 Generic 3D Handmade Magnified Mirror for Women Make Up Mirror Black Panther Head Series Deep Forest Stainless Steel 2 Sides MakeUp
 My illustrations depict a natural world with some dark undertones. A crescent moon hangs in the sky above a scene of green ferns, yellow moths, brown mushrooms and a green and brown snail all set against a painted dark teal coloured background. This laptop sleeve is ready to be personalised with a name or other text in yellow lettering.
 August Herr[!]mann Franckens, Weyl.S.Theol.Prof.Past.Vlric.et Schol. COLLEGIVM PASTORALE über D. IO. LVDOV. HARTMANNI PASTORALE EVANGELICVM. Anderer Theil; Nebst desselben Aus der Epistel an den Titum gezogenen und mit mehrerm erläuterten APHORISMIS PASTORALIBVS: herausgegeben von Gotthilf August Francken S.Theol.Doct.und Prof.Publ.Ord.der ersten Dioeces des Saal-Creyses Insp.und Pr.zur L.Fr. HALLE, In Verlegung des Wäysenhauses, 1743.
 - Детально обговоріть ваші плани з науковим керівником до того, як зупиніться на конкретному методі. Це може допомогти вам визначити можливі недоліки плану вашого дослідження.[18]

===============

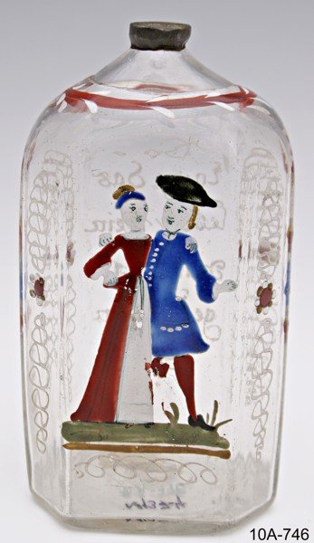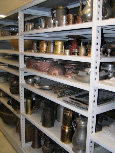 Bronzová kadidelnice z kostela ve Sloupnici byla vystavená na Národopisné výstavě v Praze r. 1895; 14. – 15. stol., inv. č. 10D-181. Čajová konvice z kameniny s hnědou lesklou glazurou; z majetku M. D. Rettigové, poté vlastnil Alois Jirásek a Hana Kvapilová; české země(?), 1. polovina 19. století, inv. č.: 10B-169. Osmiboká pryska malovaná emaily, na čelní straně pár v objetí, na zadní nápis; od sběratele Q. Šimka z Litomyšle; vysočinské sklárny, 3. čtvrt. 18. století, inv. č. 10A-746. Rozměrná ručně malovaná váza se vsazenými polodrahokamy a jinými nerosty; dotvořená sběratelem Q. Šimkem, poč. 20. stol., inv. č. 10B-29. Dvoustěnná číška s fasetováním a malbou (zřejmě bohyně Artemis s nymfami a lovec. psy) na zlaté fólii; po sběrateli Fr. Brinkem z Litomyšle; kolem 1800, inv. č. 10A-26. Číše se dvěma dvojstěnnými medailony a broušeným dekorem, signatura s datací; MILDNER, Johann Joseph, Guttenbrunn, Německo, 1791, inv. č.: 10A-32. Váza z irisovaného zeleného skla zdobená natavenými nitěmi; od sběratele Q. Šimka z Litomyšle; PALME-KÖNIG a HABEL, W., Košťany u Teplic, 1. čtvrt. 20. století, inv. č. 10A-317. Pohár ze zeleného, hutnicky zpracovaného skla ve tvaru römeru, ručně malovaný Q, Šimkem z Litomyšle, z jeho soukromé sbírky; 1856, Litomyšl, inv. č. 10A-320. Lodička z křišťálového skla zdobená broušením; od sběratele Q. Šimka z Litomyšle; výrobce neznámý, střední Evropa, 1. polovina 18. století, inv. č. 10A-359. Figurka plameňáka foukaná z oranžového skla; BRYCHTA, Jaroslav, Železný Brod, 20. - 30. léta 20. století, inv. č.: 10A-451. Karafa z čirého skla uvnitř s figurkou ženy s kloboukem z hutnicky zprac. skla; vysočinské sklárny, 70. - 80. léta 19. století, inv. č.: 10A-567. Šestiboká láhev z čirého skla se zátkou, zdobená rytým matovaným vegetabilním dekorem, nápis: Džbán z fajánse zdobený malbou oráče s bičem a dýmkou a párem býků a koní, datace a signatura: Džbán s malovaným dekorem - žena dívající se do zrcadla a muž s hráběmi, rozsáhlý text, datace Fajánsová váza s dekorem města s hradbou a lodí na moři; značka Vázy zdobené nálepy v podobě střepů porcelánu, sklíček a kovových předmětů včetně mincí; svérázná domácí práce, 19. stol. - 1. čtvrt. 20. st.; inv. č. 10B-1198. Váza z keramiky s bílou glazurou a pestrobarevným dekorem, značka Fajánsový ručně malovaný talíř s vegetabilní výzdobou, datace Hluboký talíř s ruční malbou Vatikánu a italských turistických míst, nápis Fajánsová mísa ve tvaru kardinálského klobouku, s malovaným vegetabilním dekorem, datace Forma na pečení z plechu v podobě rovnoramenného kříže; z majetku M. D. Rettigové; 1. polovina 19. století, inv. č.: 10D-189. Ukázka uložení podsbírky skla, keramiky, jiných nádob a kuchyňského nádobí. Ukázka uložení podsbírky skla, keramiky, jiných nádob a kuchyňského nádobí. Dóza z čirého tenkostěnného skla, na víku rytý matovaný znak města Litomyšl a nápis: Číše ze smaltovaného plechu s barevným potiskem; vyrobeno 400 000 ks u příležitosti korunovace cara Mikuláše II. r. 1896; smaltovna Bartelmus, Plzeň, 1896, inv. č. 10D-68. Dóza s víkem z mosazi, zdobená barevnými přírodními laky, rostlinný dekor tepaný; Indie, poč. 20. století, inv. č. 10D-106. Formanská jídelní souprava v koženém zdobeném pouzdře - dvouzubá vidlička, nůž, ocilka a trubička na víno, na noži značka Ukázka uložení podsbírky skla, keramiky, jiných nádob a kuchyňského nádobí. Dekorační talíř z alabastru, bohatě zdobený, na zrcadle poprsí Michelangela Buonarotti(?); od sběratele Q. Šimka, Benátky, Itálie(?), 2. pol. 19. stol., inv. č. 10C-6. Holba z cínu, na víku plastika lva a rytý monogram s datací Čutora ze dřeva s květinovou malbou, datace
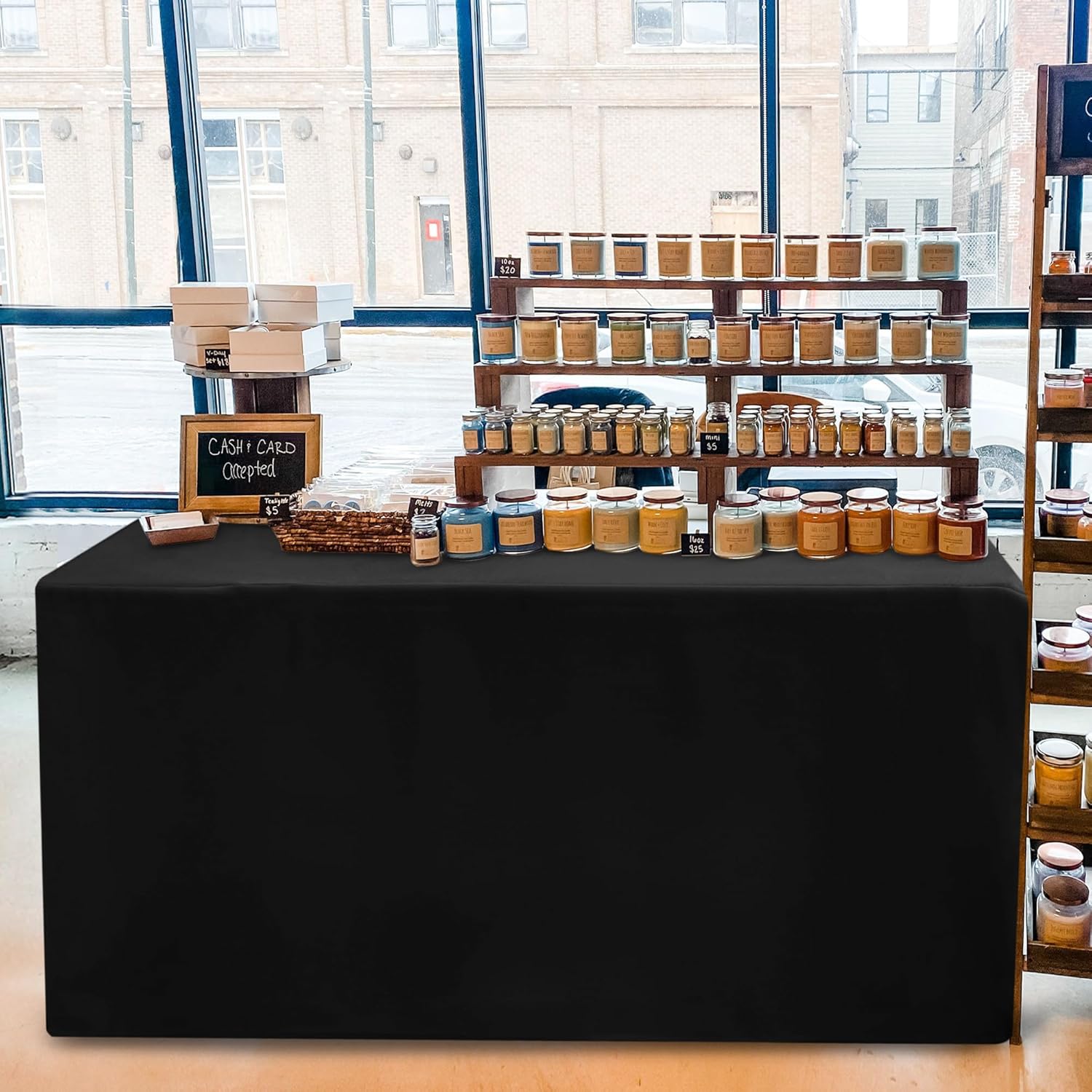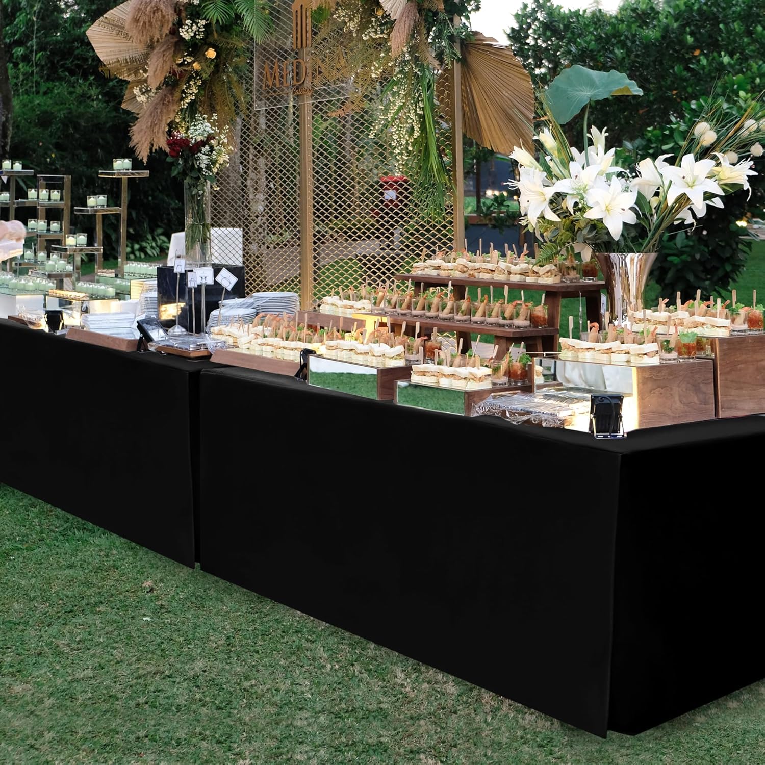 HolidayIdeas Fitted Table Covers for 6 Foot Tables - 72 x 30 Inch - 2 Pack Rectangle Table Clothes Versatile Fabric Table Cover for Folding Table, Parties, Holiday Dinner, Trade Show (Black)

===============

Exercise details: Among the entries above, find the line with "August Herr[!]mann Franckens, Weyl.S.Theol.Prof.Past.Vlric.et" and the line with "- Детально обговоріть"; give again exactly these two lines and all lines between them.

Result below:
 August Herr[!]mann Franckens, Weyl.S.Theol.Prof.Past.Vlric.et Schol. COLLEGIVM PASTORALE über D. IO. LVDOV. HARTMANNI PASTORALE EVANGELICVM. Anderer Theil; Nebst desselben Aus der Epistel an den Titum gezogenen und mit mehrerm erläuterten APHORISMIS PASTORALIBVS: herausgegeben von Gotthilf August Francken S.Theol.Doct.und Prof.Publ.Ord.der ersten Dioeces des Saal-Creyses Insp.und Pr.zur L.Fr. HALLE, In Verlegung des Wäysenhauses, 1743.
 - Детально обговоріть ваші плани з науковим керівником до того, як зупиніться на конкретному методі. Це може допомогти вам визначити можливі недоліки плану вашого дослідження.[18]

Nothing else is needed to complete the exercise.